First provide a summary of the paper, and then address the following
criteria: Quality, clarity, originality and significance. (For detailed
reviewing guidelines, see
http://nips.cc/PaperInformation/ReviewerInstructions)
The authors proposed a novel online variational
inference, called memoized online variational inference (MOV inference).
The proposed online algorithm is not technically new. It is not a
stochastic gradient (or step-wise) type online algorithm but an
incremental algorithm which updates parameters by replacing old statistics
with new one. This framework is proposed by Neal & Hinton. The
difference is trivial because Neal & Hinton incremental algorithm is
based on the EM algorithm and updates parameters for each data point,
while the proposed inference is based on the variational inference and
updates parameters for each batch.
The authors proposed a novel
framework for adapting the number of topics, called birth and merge
method. The existing construction of the new components is either
heuristic or highly specialized to the particular model. The proposed
birth moves can add many new components at once, and are applicable to any
exponential family mixture model. This framework is interesting and a
strong point. However, even if the existing work is either heuristic
or highly specialized to the particular model, you should compare the
existing methods with the proposed method such as [4] and [12]. In
particular, [4] and [12] can be applicable for the Gaussian mixture model.

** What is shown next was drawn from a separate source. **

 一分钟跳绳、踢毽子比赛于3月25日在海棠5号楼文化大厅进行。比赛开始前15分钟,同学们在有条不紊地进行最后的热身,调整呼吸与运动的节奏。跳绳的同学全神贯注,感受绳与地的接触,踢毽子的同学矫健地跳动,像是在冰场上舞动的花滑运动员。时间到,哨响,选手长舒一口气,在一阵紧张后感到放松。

Q2: Please summarize your review in 1-2
sentences
The birth and merge algorithm is interesting.
However, the experimental setting is not convincing. The
stochastic variational inference is not state-of-the-art in the
truncation-free setting.
Submitted by
Assigned_Reviewer_5
Q1: Comments to author(s).
First provide a summary of the paper, and then address the following
criteria: Quality, clarity, originality and significance. (For detailed
reviewing guidelines, see
http://nips.cc/PaperInformation/ReviewerInstructions)
The authors propose a novel method for performing
memory efficient inference in Dirichlet Process (DP) models. There are two
key advances presented in this work: memoized online (MO) learning of the
model parameters using small subsets of data; an efficient birth-merge
move for dynamically altering the truncation level of the stick breaking
approximation.
The first advance is quite similar to approaches
for memoized learning with EM algorithms. To my knowledge this approach
has not been applied to non-paramteric Bayesian models however, which is
the major novelty of this part of the work.
The birth merge move
is in my view the more interesting advance in this paper, as it elegantly
handles the issue of proposing births while keeping a limited subset of
the data in memory. In the results section the authors apply the model to
several synthetic and real datasets and show that MO learning is able to
escape local optima, particularly when used with the birth merge move.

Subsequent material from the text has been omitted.